Significance: Biomedical optics system design, image formation, and image analysis have primarily been guided by classical physical modeling and signal processing methodologies. Recently, however, deep learning (DL) has become a major paradigm in computational modeling and has demonstrated utility in numerous scientific domains and various forms of data analysis.
Aim: We aim to comprehensively review the use of DL applied to macroscopic diffuse optical imaging (DOI).
Approach: First, we provide a layman introduction to DL. Then, the review summarizes current DL work in some of the most active areas of this field, including optical properties retrieval, fluorescence lifetime imaging, and diffuse optical tomography.
Results: The advantages of using DL for DOI versus conventional inverse solvers cited in the literature reviewed herein are numerous.

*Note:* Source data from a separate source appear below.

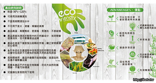 稻殼材質可被大自然分解,對環境無汙染
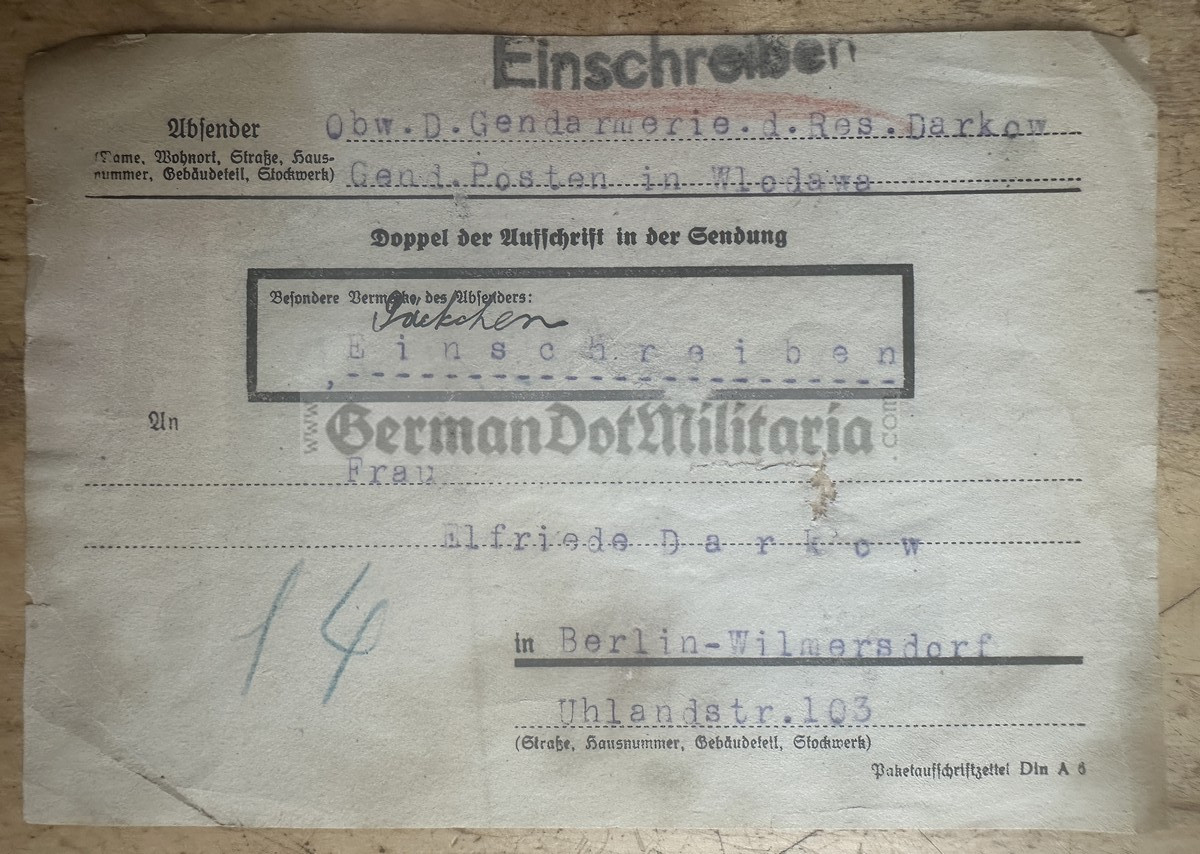 ac470 - German Gendarmerie Police Officer in occupied Poland - receipt of registered parcel sent to his wife in Berlin
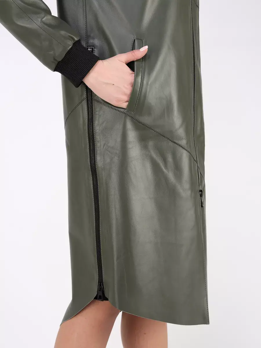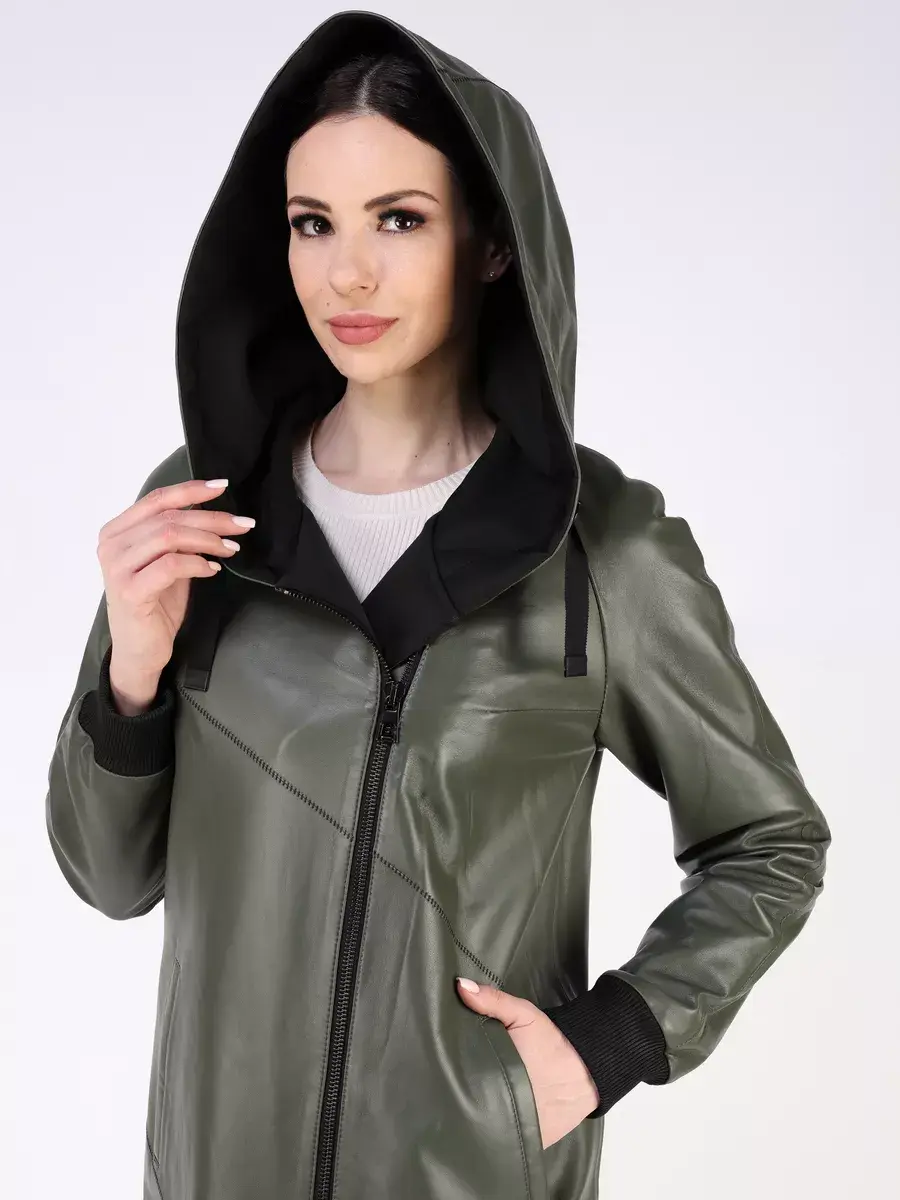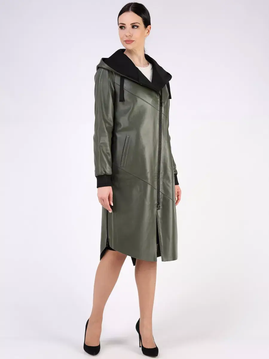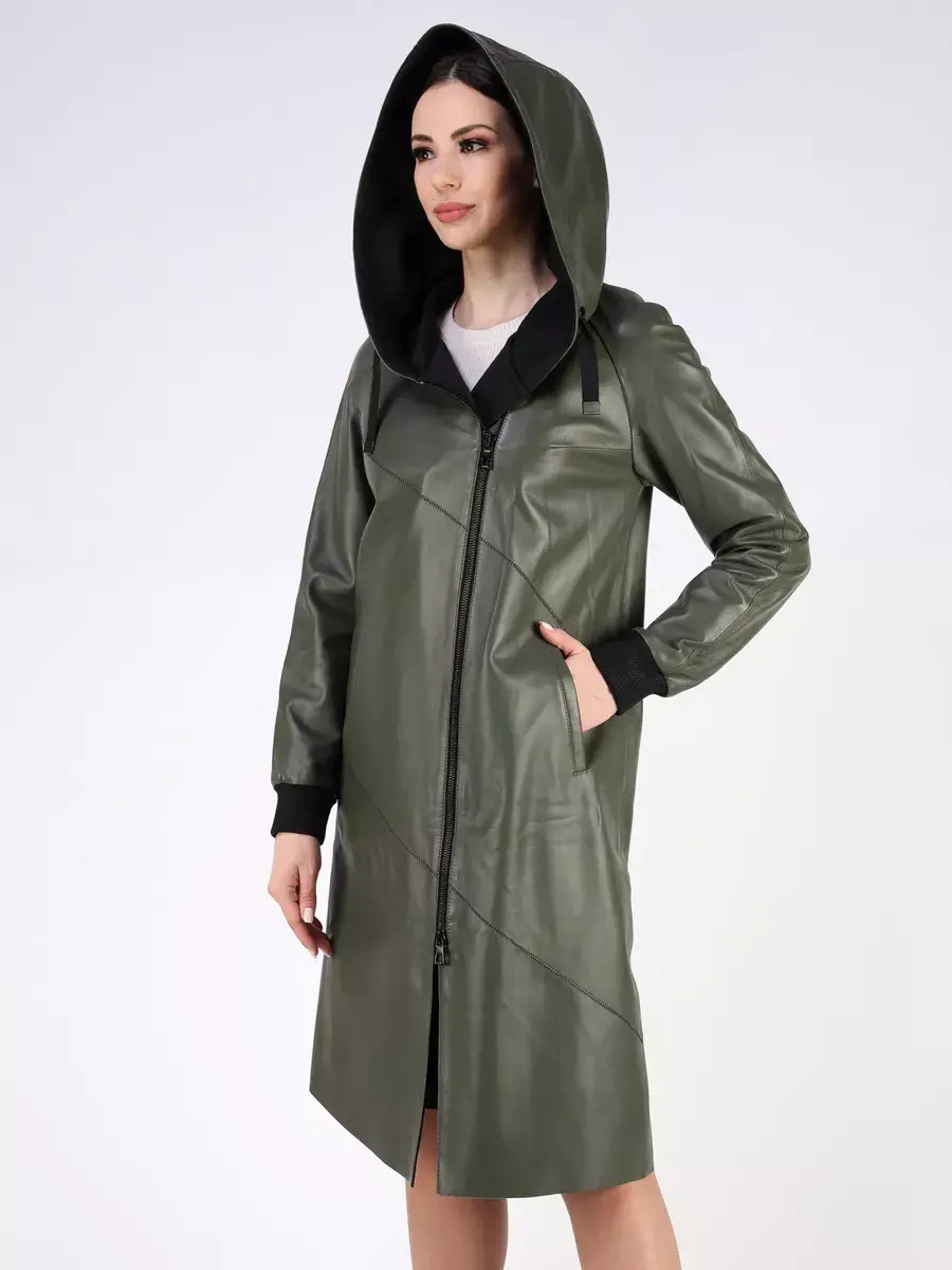 Длинный плащ женский на весну и на осень без утеплителя застегивается на молнию. Демисезонная модель, женский кожаный плащ имеет свободный прямой крой, длину ниже колена и шлицу. С боку она дополнена разрезом на молнии, которую можно расстегнуть. Рукав реглан с трикотажными манжетами, прорезные карманы, декоративная строчка, асимметричный подол и фурнитура добавляют акценты стиля и функциональности, делают это пальто женское красивым элементом гардероба, который подходит практически под любой стиль, деловой или повседневный. Капюшон не съемный с кулисками позволяет регулировать его объем.
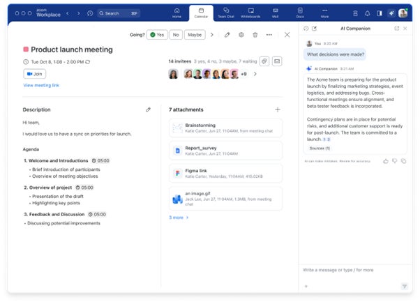 Zoom Workplace 全体で動作し、グループ チャット メッセージや過去のミーティングの議事録といった複数の情報源からコンテキストを収集し、より的確にミーティングに備えた推奨事項を提供します。
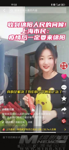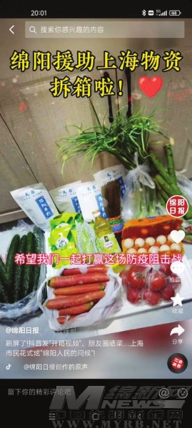 上海市民陸續(xù)收到“來自綿陽人民的問候”,整整一箱的物資讓大家激動不已,不少網(wǎng)友通過抖音、微博等平臺發(fā)布“開箱視頻”,曬出“禮包”,感謝綿陽人民的用心和關心。
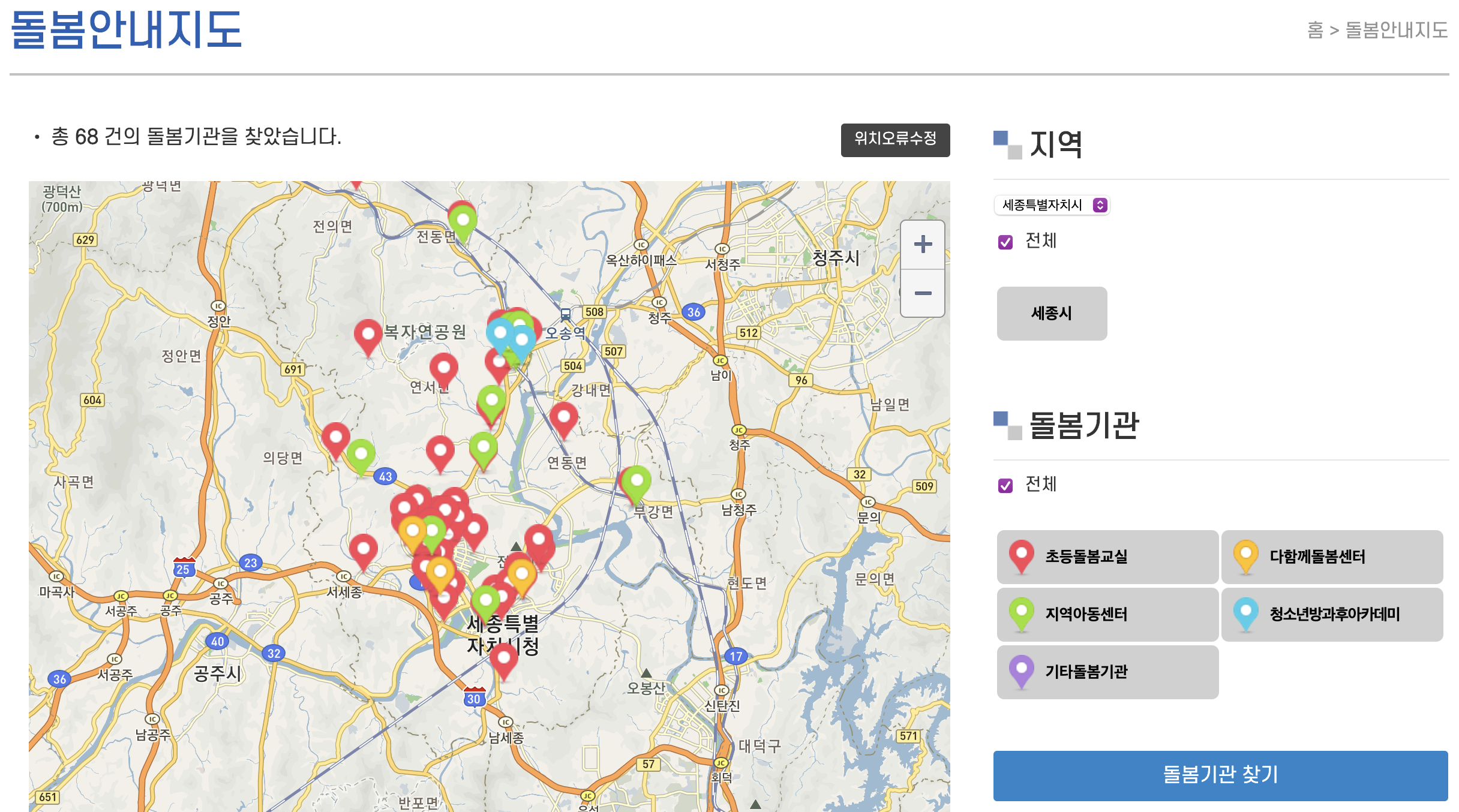 2019년 4월 기준 방과후학교 운영 학교는 11,688학교로 98.6% 운영되고 있으며, 초등돌봄교실 운영 학교는 6,117학교로 99.2% 운영되고 있습니다. 대부분의 학교에서 운영되고 있음을 알 수 있습니다. 돌봄안내지도에서 초등돌봄교실, 다함께돌봄센터, 지역아동센터, 청소년방과후아카데미, 기타돌봄기관을 분류로 어디에 위치하는지에 대한 정보를 쉽게 알 수 있습니다.

These include, among others, a decrease in analysis time (often by many orders of magnitude), increased quantitative reconstruction quality, robustness to noise, and the unique capability to learn complex end-to-end relationships.
Conclusions: The heavily validated capability of DL's use across a wide range of complex inverse solving methodologies has enormous potential to bring novel DOI modalities, otherwise deemed impractical for clinical translation, to the patient's bedside.
Keywords: deep learning; diffuse optical tomography; diffuse optics; fluorescence molecular tomography; lifetime imaging; macroscopic diffuse optics; review; tissue hemodynamics.